This is NOT my typical gumbo. If you know me or have followed me on social media, seafood gumbo is my jam. This particular gumbo had been all over my Instagram explore page and my first thoughts were “People just mix anything together.” Lol. However, I am starting this new habit of trying out viral recipes and reviewing them. Well, let me just say, I was pleasantly surprised! This gumbo has an amazing flavor and surprisingly the collard greens were a nice addition to the flavor from the smoked turkey wings. The last thing that blew my mind about this entire experience is when I googled “gumbo greens” and learned of its Louisiana (New Orleans) roots. Please google it when you have time. I hope you enjoy this as much as I did. Please be sure to check out the Instagram reel here.
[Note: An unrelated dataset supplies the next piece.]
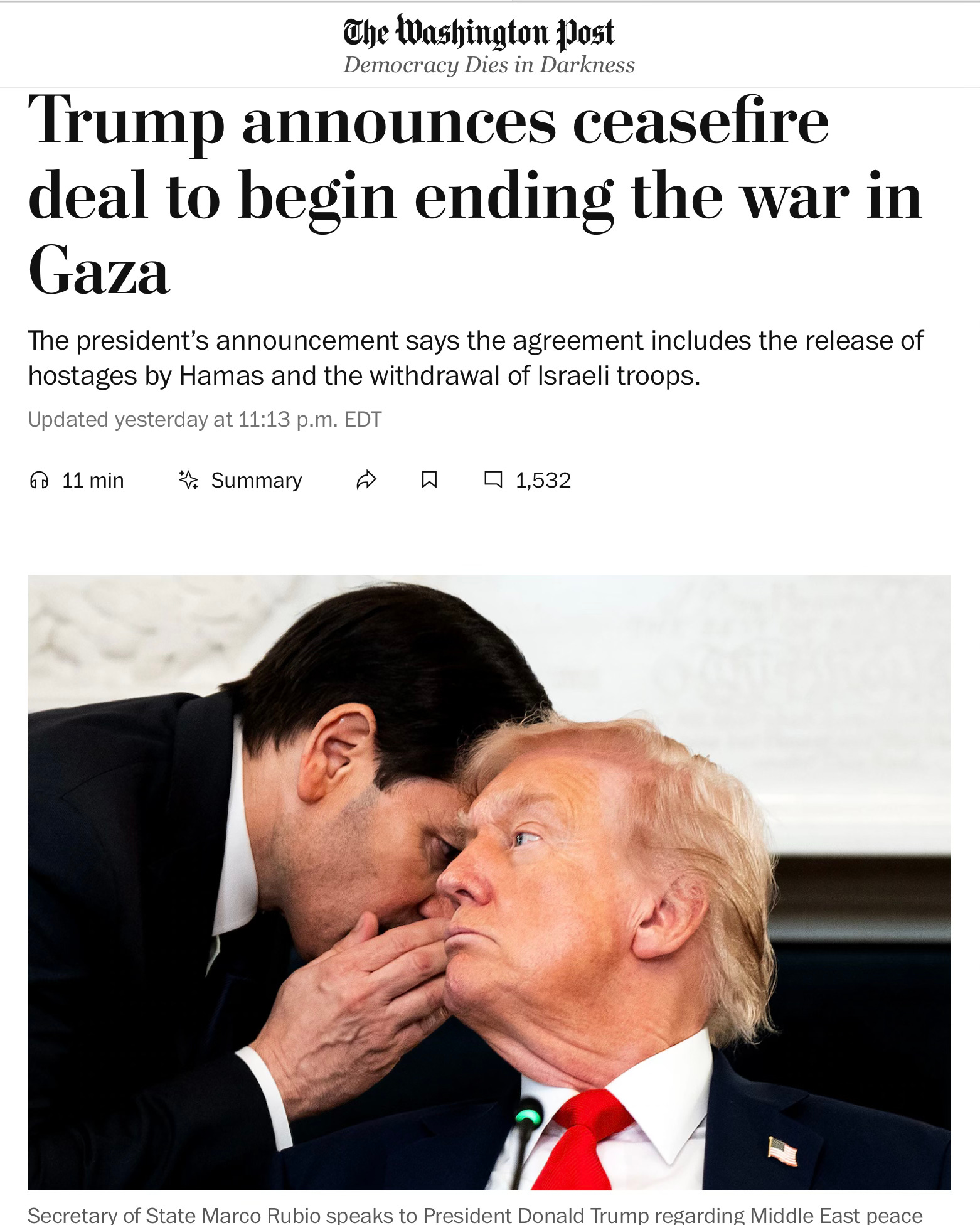 “I am very proud to announce that Israel and Hamas have both signed off on the first Phase of our Peace Plan. This means that ALL of the Hostages will be released very soon, and Israel will withdraw their Troops to an agreed upon line as the first steps toward a Strong, Durable, and Everlasting Peace “BLESSED ARE THE PEACEMAKERS!”

They are probably still arguing in the comments as you’re reading this haha.
1 cups of flour
½ cup and 2 tbs of corn oil
2 yellow onions, diced finely
½ red onion, diced finely
3 bell peppers (orange, red and green), diced finely
1 fresh jalapeño, diced finely
2 tbs of minced garlic
2 lbs of smoked sausage or andouille, chopped
2 bundles of collard greens, cleaned and picked from stem
2 lbs of smoked turkey wings
Black Pepper, to taste
Smoked Paprika, to taste
Slap Your Mama Creole Seasoning, to taste
Badia Complete Seasoning, to taste
Oregano, to taste
Crushed Red Pepper, to taste
Garlic Powder, to taste
Onion Power, to taste
Culture Creole Seasoning, to taste
4-6 cups of chicken stock
2 lbs of shrimp, peeled and deveined
Notes: After you chop the sausage, bake or boil them to get the grease out. You can do this first and let it boil or bake while making the roux.
Make the Roux
1. Using a heavy bottomed 6-quart pot, turn your stove to medium-high heat and add the corn oil to the pot. Let the oil heat for a minute or two.
2. Add the flour and stir continuously to blend the flour and oil together.
3. Continue to stir until the roux begins to darken.
4. Once it starts to darken, turn the heat down between low and medium. Be careful not to burn the roux. Do not turn the fire too high. This is a process that requires patience. It will seem like it’s not turning brown but keep stirring. It is a very gradual change. Keep your heat between low and medium.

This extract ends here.